Work instructions => Would you transcribe the lines running from the one that holds "Geschwungene Formen und" to the last line of the records? Leave every picture out.
------------------------------------------------------------
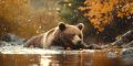 Autumn Embrace: A Bear Enjoys a Peaceful Swim Amongst Falling Leaves
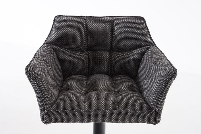 Geschwungene Formen und modische Farben machen den Barhocker Damaso zu einem optischen Highlight an jeder Theke. Der sesselförmige Sitz überzeugt neben seiner modernen Optik durch seinen hohen Komfort, der durch umlaufend erhöhte Armlehnen und einer gepolsterten Rückenlehne gegeben ist. Der feine Stoffbezug steht in unterschiedlichen Farben zur Auswahl und bietet dadurch jede gestalterische Freiheit. Das kompakte Untergestell ist mit einer leichtgängigen Drehmechanik ausgestattet sowie durch einfache Hebelbedienung stufenlos höhenverstellbar. In der Mitte des Gestells befindet sich eine Fussablage die für eine korrekte Sitzhaltung wichtig ist. Materialzusammensetzung Sitzbezug: Stoff (100% Polyester)
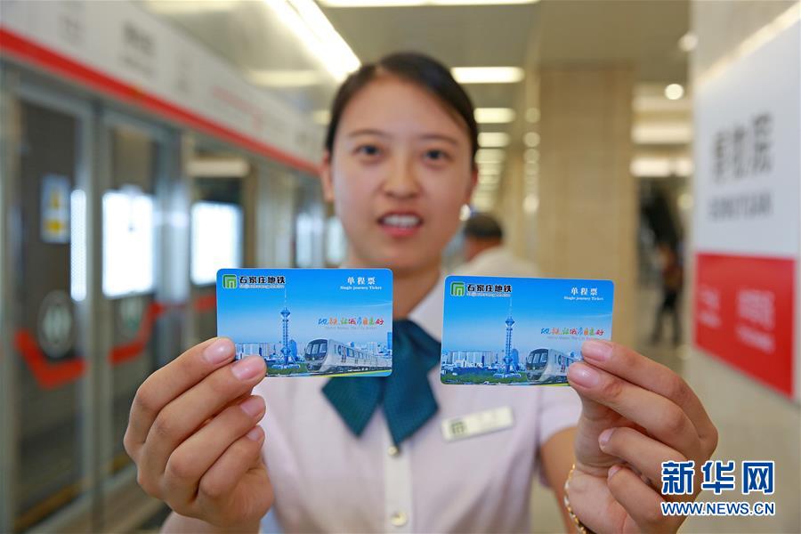 6月14日,石家庄地铁工作人员在1号线地铁站内展示车票。
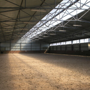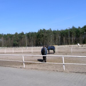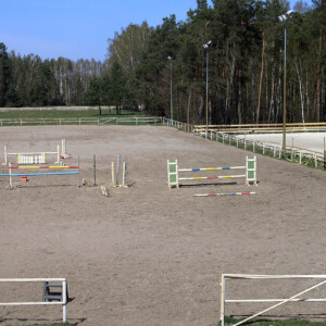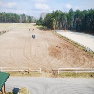 Parkur (40m x 100m) o piaszczystym podłożu, Czworobok (20m x 60m). Oba obiekty oświetlone i automatycznie zraszane.
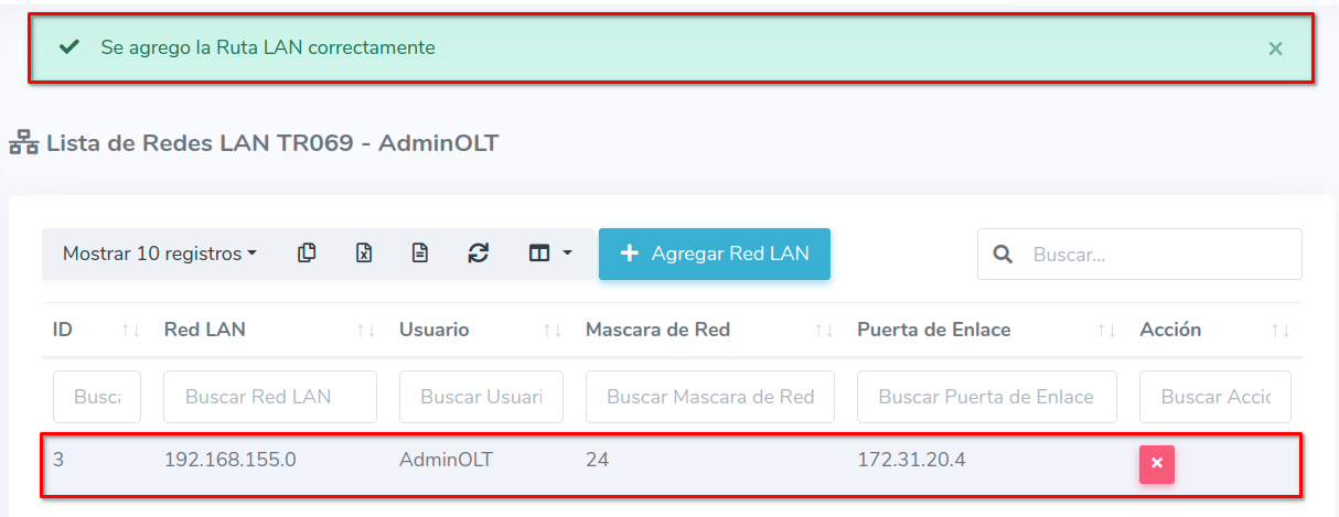 2Agregamos una RED LAN. Al dar click en el botón anterior, se mostrará una lista donde se muestran las redes creadas con anterioridad.
------------------------------------------------------------
Response to this task =>
 Geschwungene Formen und modische Farben machen den Barhocker Damaso zu einem optischen Highlight an jeder Theke. Der sesselförmige Sitz überzeugt neben seiner modernen Optik durch seinen hohen Komfort, der durch umlaufend erhöhte Armlehnen und einer gepolsterten Rückenlehne gegeben ist. Der feine Stoffbezug steht in unterschiedlichen Farben zur Auswahl und bietet dadurch jede gestalterische Freiheit. Das kompakte Untergestell ist mit einer leichtgängigen Drehmechanik ausgestattet sowie durch einfache Hebelbedienung stufenlos höhenverstellbar. In der Mitte des Gestells befindet sich eine Fussablage die für eine korrekte Sitzhaltung wichtig ist. Materialzusammensetzung Sitzbezug: Stoff (100% Polyester)
 6月14日,石家庄地铁工作人员在1号线地铁站内展示车票。
 Parkur (40m x 100m) o piaszczystym podłożu, Czworobok (20m x 60m). Oba obiekty oświetlone i automatycznie zraszane.
 2Agregamos una RED LAN. Al dar click en el botón anterior, se mostrará una lista donde se muestran las redes creadas con anterioridad.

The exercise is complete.